* [Work request]: With the pictures removed, please write out every line below exactly as given.
[Input data Boundary: Start]
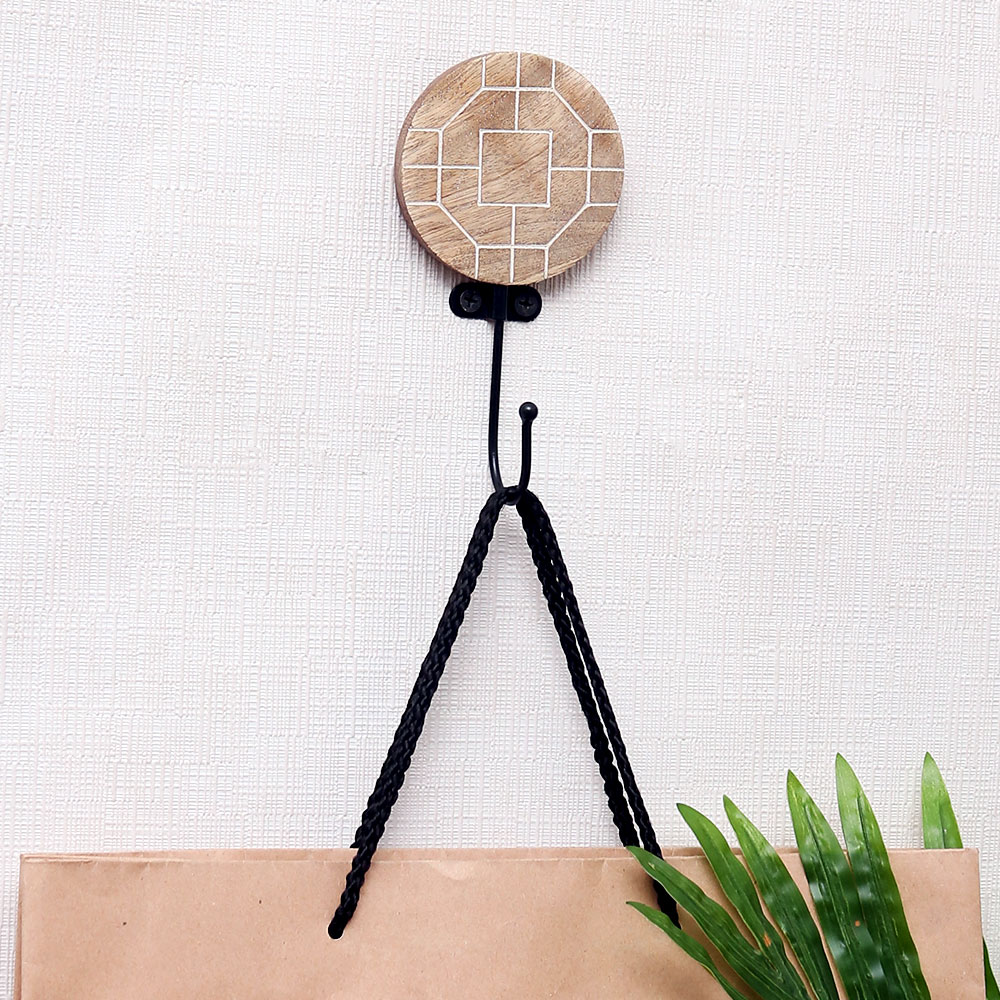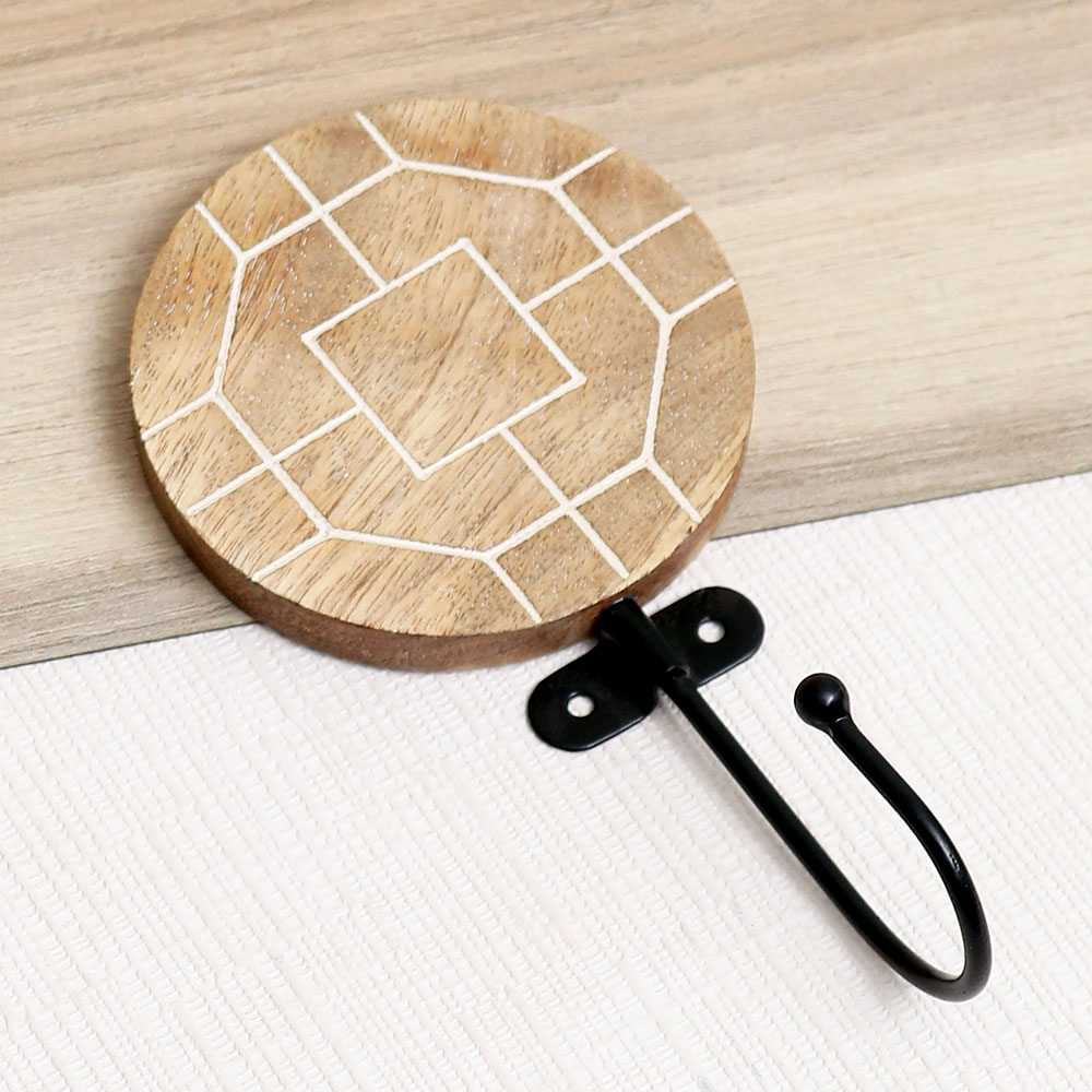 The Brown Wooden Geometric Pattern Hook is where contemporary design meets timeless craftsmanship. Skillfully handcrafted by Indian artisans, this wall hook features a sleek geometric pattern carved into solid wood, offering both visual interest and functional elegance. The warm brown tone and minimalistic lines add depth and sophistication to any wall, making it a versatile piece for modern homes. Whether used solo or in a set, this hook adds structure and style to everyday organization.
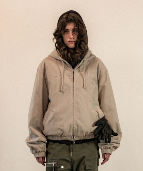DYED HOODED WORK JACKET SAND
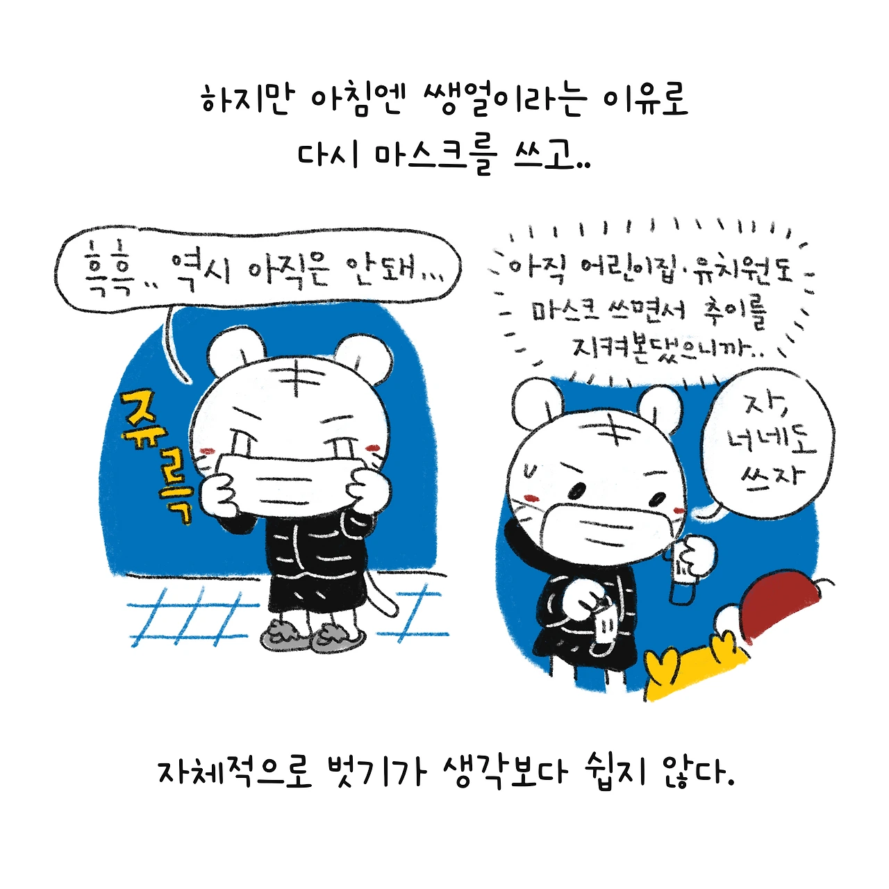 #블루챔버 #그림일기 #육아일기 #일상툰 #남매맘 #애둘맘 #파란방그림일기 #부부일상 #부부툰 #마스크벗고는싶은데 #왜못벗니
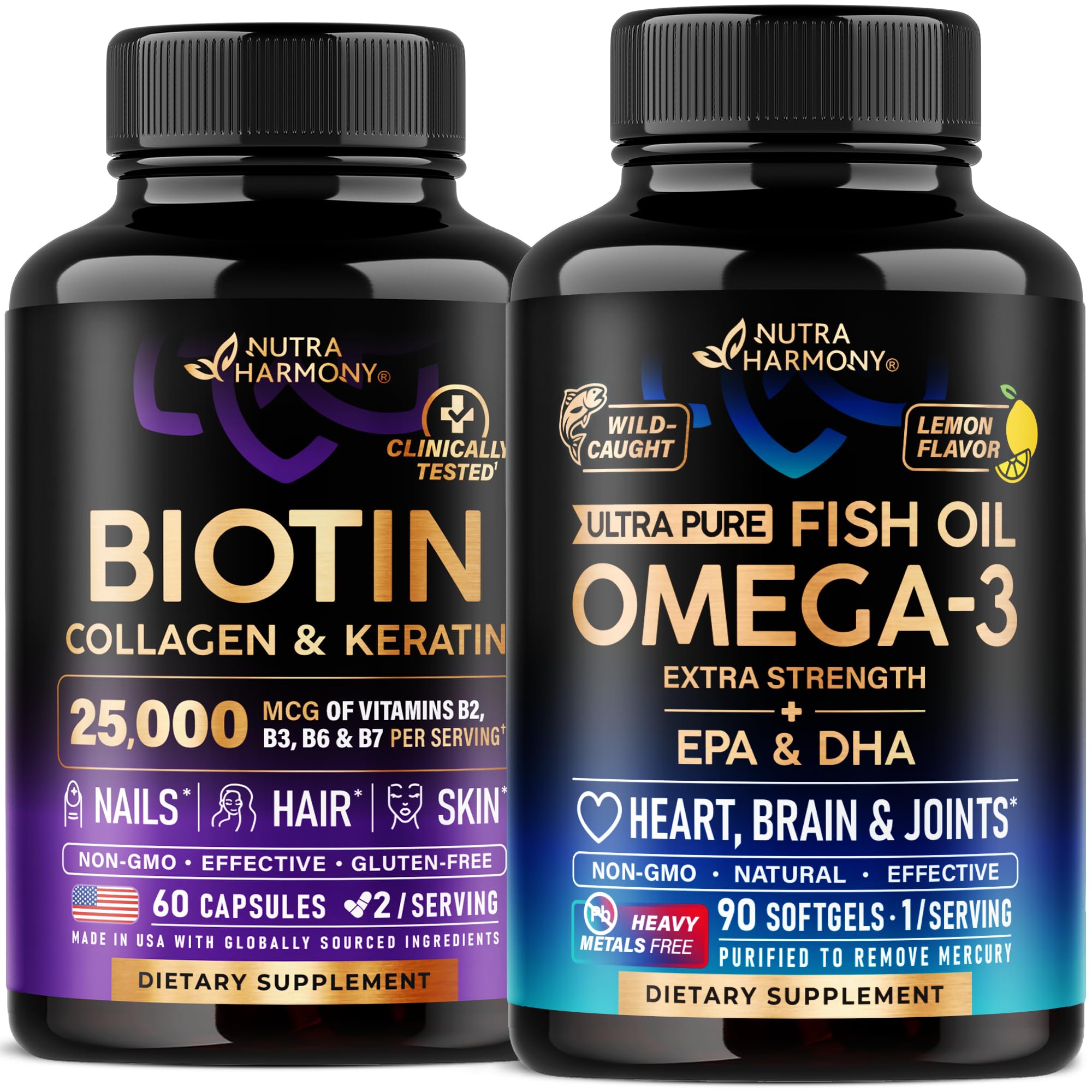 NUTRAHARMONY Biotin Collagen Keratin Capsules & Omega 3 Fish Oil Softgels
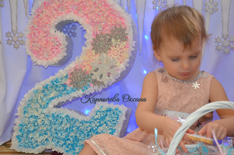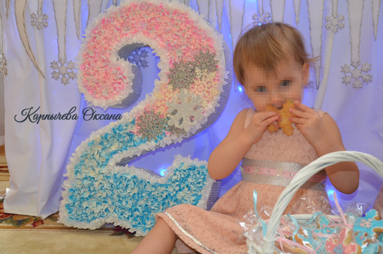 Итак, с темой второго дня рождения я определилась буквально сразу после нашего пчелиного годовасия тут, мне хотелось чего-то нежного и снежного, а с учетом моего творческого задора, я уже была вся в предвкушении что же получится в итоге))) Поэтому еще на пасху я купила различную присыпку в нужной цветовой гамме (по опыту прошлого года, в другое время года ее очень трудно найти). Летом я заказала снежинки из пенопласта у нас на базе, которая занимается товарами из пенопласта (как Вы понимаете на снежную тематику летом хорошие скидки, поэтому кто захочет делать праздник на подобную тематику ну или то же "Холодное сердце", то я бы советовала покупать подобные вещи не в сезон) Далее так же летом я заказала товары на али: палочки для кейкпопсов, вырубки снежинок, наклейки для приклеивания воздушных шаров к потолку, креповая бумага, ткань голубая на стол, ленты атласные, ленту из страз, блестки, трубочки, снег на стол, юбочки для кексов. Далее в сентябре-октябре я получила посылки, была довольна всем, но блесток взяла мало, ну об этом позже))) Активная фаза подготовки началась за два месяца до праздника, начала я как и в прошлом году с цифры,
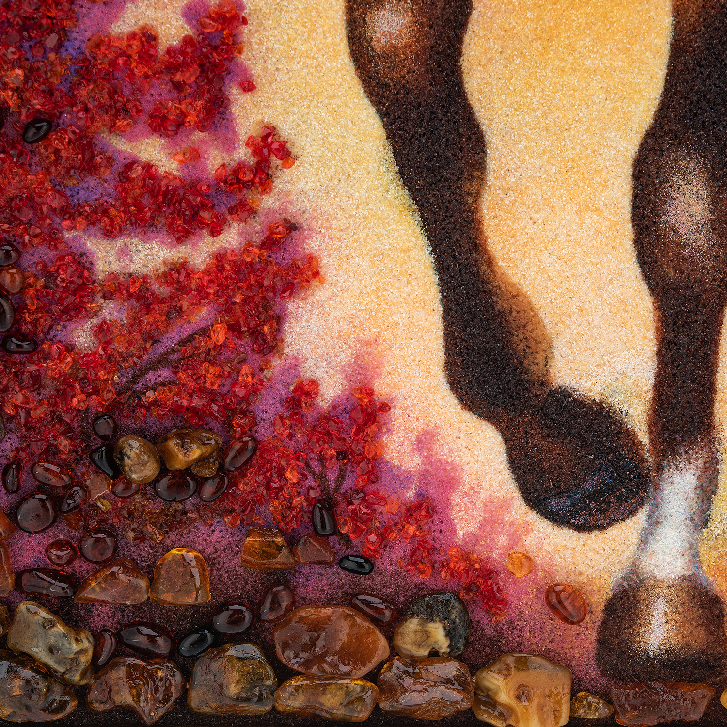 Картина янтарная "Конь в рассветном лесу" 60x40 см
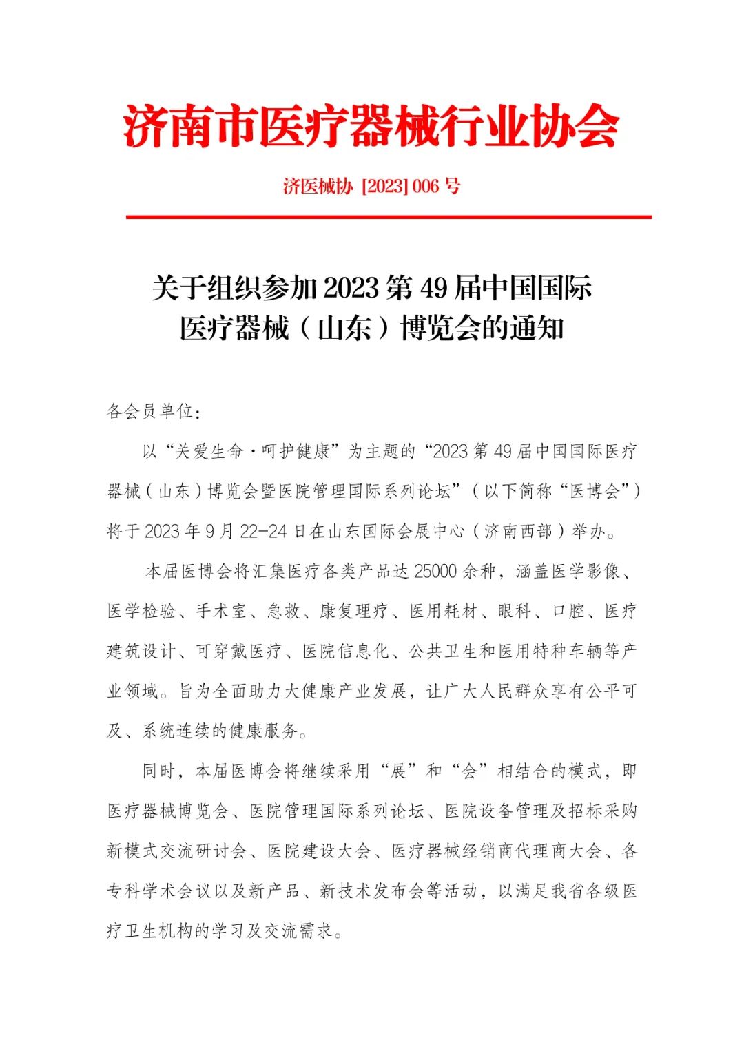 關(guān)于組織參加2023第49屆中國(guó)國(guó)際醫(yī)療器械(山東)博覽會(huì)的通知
[Input data Boundary: End]
* [Worked solution]:
 The Brown Wooden Geometric Pattern Hook is where contemporary design meets timeless craftsmanship. Skillfully handcrafted by Indian artisans, this wall hook features a sleek geometric pattern carved into solid wood, offering both visual interest and functional elegance. The warm brown tone and minimalistic lines add depth and sophistication to any wall, making it a versatile piece for modern homes. Whether used solo or in a set, this hook adds structure and style to everyday organization.
DYED HOODED WORK JACKET SAND
 #블루챔버 #그림일기 #육아일기 #일상툰 #남매맘 #애둘맘 #파란방그림일기 #부부일상 #부부툰 #마스크벗고는싶은데 #왜못벗니
 NUTRAHARMONY Biotin Collagen Keratin Capsules & Omega 3 Fish Oil Softgels
 Итак, с темой второго дня рождения я определилась буквально сразу после нашего пчелиного годовасия тут, мне хотелось чего-то нежного и снежного, а с учетом моего творческого задора, я уже была вся в предвкушении что же получится в итоге))) Поэтому еще на пасху я купила различную присыпку в нужной цветовой гамме (по опыту прошлого года, в другое время года ее очень трудно найти). Летом я заказала снежинки из пенопласта у нас на базе, которая занимается товарами из пенопласта (как Вы понимаете на снежную тематику летом хорошие скидки, поэтому кто захочет делать праздник на подобную тематику ну или то же "Холодное сердце", то я бы советовала покупать подобные вещи не в сезон) Далее так же летом я заказала товары на али: палочки для кейкпопсов, вырубки снежинок, наклейки для приклеивания воздушных шаров к потолку, креповая бумага, ткань голубая на стол, ленты атласные, ленту из страз, блестки, трубочки, снег на стол, юбочки для кексов. Далее в сентябре-октябре я получила посылки, была довольна всем, но блесток взяла мало, ну об этом позже))) Активная фаза подготовки началась за два месяца до праздника, начала я как и в прошлом году с цифры,
 Картина янтарная "Конь в рассветном лесу" 60x40 см
 關(guān)于組織參加2023第49屆中國(guó)國(guó)際醫(yī)療器械(山東)博覽會(huì)的通知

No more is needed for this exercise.